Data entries
((

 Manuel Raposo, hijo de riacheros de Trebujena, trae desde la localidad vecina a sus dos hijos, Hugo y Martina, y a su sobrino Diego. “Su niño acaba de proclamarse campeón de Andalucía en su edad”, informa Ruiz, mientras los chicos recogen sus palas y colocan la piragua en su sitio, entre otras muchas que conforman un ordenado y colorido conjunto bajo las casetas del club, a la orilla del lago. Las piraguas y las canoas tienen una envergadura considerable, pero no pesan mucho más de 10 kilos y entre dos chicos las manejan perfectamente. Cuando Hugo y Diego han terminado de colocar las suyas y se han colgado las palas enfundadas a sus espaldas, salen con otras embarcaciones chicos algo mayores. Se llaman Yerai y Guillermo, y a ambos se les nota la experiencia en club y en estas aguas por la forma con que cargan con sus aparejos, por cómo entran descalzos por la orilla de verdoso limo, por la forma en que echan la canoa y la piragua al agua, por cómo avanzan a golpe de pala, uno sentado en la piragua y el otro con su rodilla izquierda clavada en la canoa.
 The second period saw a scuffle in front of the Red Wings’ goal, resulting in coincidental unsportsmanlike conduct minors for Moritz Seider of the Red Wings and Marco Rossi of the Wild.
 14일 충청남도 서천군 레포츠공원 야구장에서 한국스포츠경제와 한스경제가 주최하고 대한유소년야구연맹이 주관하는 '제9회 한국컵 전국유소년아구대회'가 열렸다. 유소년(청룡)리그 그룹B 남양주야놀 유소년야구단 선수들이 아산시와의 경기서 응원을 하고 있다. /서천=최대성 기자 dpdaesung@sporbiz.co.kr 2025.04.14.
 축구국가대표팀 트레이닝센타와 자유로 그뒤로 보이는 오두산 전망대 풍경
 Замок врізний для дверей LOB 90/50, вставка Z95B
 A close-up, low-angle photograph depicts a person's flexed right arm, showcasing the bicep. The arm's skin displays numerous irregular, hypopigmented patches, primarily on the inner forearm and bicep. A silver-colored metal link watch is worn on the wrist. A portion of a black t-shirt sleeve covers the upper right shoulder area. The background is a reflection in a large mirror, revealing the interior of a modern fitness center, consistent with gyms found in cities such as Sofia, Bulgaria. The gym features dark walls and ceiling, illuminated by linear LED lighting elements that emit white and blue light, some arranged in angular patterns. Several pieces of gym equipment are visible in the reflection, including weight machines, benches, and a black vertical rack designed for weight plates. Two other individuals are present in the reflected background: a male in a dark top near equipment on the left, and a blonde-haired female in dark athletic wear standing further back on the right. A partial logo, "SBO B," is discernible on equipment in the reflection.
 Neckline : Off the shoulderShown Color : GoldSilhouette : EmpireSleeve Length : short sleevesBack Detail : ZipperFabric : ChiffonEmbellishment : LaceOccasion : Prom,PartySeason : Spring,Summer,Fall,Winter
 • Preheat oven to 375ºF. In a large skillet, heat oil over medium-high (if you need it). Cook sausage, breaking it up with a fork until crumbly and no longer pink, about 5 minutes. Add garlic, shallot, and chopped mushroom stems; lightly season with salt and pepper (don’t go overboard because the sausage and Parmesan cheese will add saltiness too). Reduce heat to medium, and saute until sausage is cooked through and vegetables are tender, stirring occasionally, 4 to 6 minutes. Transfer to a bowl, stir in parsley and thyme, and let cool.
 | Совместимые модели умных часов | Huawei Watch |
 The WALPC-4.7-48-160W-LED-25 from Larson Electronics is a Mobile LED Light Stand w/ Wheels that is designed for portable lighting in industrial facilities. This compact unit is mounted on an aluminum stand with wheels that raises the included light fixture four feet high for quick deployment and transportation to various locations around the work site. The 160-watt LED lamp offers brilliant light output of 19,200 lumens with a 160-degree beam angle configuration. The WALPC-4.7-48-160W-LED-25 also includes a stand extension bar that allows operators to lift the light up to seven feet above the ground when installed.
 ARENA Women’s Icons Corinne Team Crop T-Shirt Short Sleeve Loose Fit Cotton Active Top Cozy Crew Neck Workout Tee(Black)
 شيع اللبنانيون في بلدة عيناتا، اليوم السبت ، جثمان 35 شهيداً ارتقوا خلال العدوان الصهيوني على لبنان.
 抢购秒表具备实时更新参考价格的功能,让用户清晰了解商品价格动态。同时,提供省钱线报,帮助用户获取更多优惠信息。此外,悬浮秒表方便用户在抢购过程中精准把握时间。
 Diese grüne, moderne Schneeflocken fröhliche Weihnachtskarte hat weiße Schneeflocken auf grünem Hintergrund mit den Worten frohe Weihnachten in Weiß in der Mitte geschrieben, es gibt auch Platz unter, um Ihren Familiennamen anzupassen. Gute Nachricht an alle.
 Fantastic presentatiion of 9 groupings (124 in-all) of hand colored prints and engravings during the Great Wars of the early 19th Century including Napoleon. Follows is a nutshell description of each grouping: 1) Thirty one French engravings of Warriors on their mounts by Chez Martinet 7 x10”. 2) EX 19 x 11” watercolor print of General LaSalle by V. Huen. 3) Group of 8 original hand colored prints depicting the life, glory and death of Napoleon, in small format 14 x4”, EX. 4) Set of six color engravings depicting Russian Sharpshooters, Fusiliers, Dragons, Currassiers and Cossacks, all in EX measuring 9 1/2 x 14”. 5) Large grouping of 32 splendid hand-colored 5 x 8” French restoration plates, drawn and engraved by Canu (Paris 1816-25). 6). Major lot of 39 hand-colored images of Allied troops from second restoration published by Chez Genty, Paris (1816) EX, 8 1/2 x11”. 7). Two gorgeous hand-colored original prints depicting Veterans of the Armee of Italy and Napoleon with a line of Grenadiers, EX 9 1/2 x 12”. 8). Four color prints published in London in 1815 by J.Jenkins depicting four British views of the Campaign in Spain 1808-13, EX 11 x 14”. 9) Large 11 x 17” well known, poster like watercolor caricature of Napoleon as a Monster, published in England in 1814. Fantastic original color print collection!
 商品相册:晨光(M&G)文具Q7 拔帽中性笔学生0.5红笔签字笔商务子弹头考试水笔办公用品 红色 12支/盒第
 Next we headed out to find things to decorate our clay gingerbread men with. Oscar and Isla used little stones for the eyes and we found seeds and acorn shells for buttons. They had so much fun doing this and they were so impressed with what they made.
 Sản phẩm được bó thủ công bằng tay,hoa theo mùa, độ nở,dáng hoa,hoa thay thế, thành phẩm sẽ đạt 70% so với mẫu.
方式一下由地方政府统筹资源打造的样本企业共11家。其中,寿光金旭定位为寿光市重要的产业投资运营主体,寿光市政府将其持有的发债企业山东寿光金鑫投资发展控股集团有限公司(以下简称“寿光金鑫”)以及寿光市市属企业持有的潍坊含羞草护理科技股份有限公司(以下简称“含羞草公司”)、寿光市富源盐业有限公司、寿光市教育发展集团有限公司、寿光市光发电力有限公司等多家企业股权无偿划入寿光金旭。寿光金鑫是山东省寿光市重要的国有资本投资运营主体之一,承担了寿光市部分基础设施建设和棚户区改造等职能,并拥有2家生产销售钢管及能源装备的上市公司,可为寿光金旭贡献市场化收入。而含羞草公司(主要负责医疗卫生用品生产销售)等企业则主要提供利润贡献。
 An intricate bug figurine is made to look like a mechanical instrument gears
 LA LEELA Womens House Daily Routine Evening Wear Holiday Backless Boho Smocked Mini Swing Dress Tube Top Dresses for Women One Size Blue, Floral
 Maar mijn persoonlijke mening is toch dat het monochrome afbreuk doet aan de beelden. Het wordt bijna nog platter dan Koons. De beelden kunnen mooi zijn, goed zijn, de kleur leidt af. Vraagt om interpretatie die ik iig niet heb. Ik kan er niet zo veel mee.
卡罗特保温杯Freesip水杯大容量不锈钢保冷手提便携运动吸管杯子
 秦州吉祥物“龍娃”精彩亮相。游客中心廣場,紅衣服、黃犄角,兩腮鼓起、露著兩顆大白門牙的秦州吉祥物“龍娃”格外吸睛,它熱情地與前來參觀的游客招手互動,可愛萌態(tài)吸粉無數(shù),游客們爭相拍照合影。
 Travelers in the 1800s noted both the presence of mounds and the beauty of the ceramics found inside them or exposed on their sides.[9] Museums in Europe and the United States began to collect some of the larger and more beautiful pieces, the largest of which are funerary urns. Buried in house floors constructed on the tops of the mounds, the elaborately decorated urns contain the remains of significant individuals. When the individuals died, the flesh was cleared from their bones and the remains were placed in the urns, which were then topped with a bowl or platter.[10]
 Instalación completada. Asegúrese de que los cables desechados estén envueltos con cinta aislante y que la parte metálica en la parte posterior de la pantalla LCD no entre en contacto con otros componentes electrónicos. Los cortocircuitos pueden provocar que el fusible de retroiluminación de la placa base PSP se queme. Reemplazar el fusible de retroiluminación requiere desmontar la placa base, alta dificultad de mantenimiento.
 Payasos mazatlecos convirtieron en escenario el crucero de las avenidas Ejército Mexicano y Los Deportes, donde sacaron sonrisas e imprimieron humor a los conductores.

))

WHAT TO PRODUCE
Take the lines above from the one containing "축구국가대표팀 트레이닝센타와 자유로 그뒤로 보이는 오두산 전망대 풍경" down to the one containing "Замок врізний для", and transcribe them exactly, both ends included.

EXERCISE SOLUTION
 축구국가대표팀 트레이닝센타와 자유로 그뒤로 보이는 오두산 전망대 풍경
 Замок врізний для дверей LOB 90/50, вставка Z95B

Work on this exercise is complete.